LE MONDE | 29.11.08 | 20h48 • Mis à jour le 30.11.08 | 11h01Dans votre livre, Que reste-t-il de la culture française ?, qui prolonge votre article de Time Magazine, vous précisez que celui-ci vous avait été commandé par des Anglais et que "la rivalité historique entre les deux pays" peut faire peser un certain soupçon sur cette demande. Pourquoi alors avoir accepté la commande ?
J'ai d'abord refusé, je trouvais qu'il n'y avait pas là de sujet, je vis à Paris plusieurs mois par an et la culture est partout, bien vivante. Mais quand j'ai regardé l'impact de cette riche culture outre-Atlantique, j'ai vu qu'il était quasi nul, surtout si on le compare au rayonnement français de la fin du XIXe siècle et de la première moitié du XXe. Alors, j'ai cherché à comprendre. J'ai constaté, en premier lieu, le déclin de la langue française.
Il faut pourtant attendre la page 100 pour voir surgir cet argument. Lorsqu'une langue n'est plus dominante, le rayonnement culturel est moindre.
C'est tout à fait vrai pour la littérature, mais ça ne devrait pas jouer pour les autres arts. Or, à l'exception des architectes, les artistes français, plasticiens, musiciens, sont moins cotés que leurs contemporains britanniques ou américains.
"L'art n'est plus considéré avec le sérieux nécessaire en France", écrivez-vous. N'est-ce pas là le vrai problème, non pas la culture française, mais la France et son déni de sa propre culture, son manque d'intérêt pour la culture ?
Si, en partie. Je cite le cas du photographe Helmut Newton, qui a vécu en France, aimait la France et a voulu donner des photos à la France. On a refusé, il les a données à Berlin. Et que dire de François Pinault emportant sa collection à Venise ?Est-ce que votre article et votre livre - dans une moindre mesure parce que plus nuancé - ont exaspéré les Français parce que vous leur montrez, en creux, une image d'eux-mêmes qui les dérange ?
Celle de gens qui, tout en proclamant le contraire, n'aiment pas leur culture. Il suffit de voir la sévérité des critiques sur la production française, et leur indulgence à l'égard de ce qui vient d'ailleurs, notamment des Etats-Unis, en particulier en littérature.
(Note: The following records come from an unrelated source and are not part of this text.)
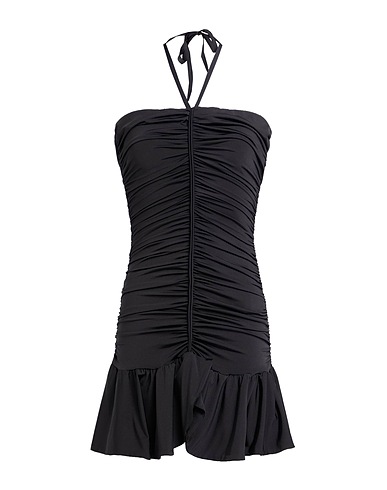 bodycon dress, synthetic jersey, stretchy fabric, plain colour, gathered, brand logo, ruffles, halterneck, sleeveless, unlined, zip fastening, tie fastening, hand wash or dry clean, do not bleach, do not tumble dry, amp up the glamour with chic designer party outfits for your next event or fun night out
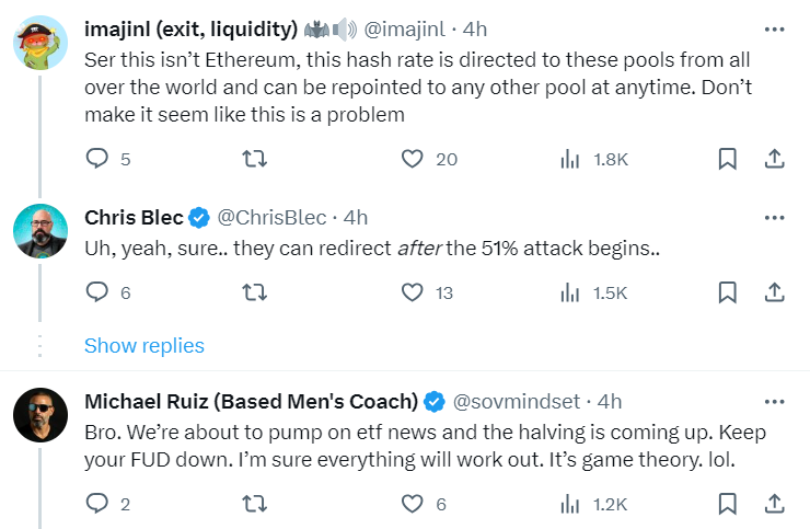 Часть подписчиков Блека не поддержала предположение о том, что биткоин в опасности. Один из пользователей обратил внимание исследователя на то, что майнеры могут перенаправлять хешрейт в другие пулы, а значит у потенциального организатора атаки нет стабильного объема вычислительной мощности. То есть даже если злоумышленник попытается атаковать BTC через пул, он может в любой момент лишиться необходимого хешрейта.
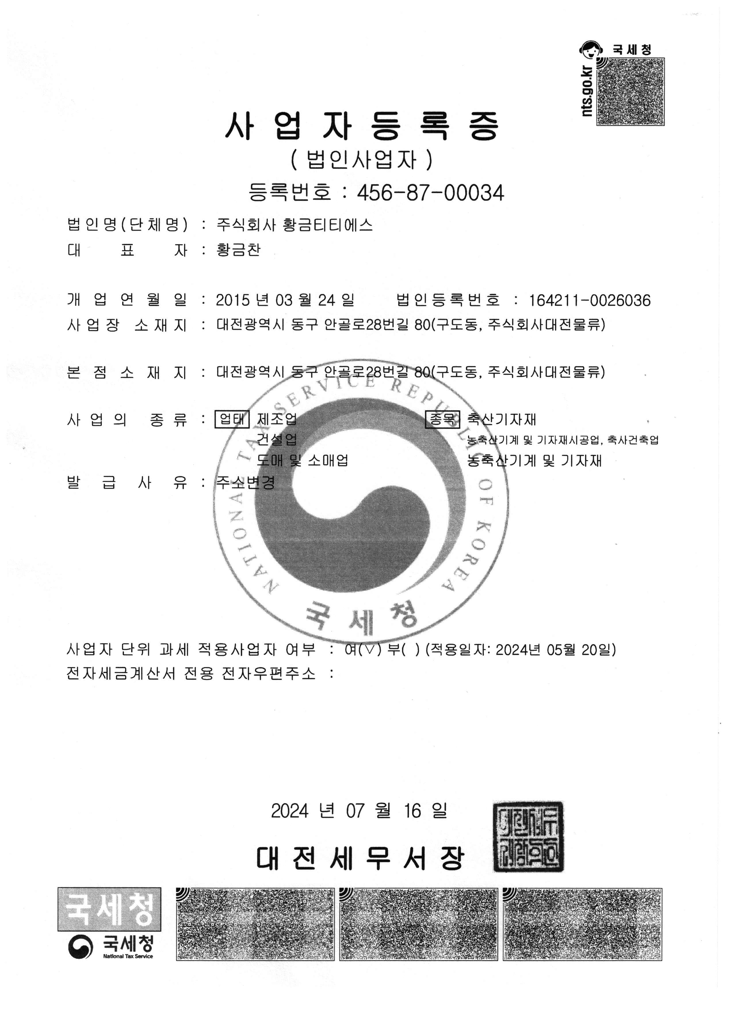 (주)황금티티에스에 대하여 소개드립니다.

Si on camouflait certains textes français en textes américains, ils feraient la couverture des magazines branchés. Et inversement, un roman américain moyen transformé en production française serait, à coup sûr, démoli.C'est vrai, mais ce n'est qu'une partie du problème. Il faut aller plus loin dans le rapport de la France à sa culture. Même si les critiques font ce que vous décrivez, la France assiste sa culture, et il est facile d'être célèbre en France avec des romans médiocres, nombrilistes, des films que personne ne voit sauf sur Canal+. Les artistes n'ont pas à se battre, pas plus que les éditeurs, les producteurs, les galeristes. Il est bien plus facile ici d'être un artiste, singulièrement un écrivain, qu'aux Etats-Unis.
On voit pourtant moins d'à-valoir colossaux.
Parce qu'il n'y a pas d'agents. Mais ici tout le monde écrit, tout le monde peut et veut écrire. Et il est facile d'être publié, j'en suis la preuve.
Il est vrai que trop de Français se croient écrivains. Mais certains le sont. Pas toujours avec un mode de narration semblable à celui des Américains, modèle désormais dominant. Le roman américain aujourd'hui - sauf pour quelques grands écrivains - c'est souvent avoir "a story", une bonne histoire, déjà prête pour le cinéma.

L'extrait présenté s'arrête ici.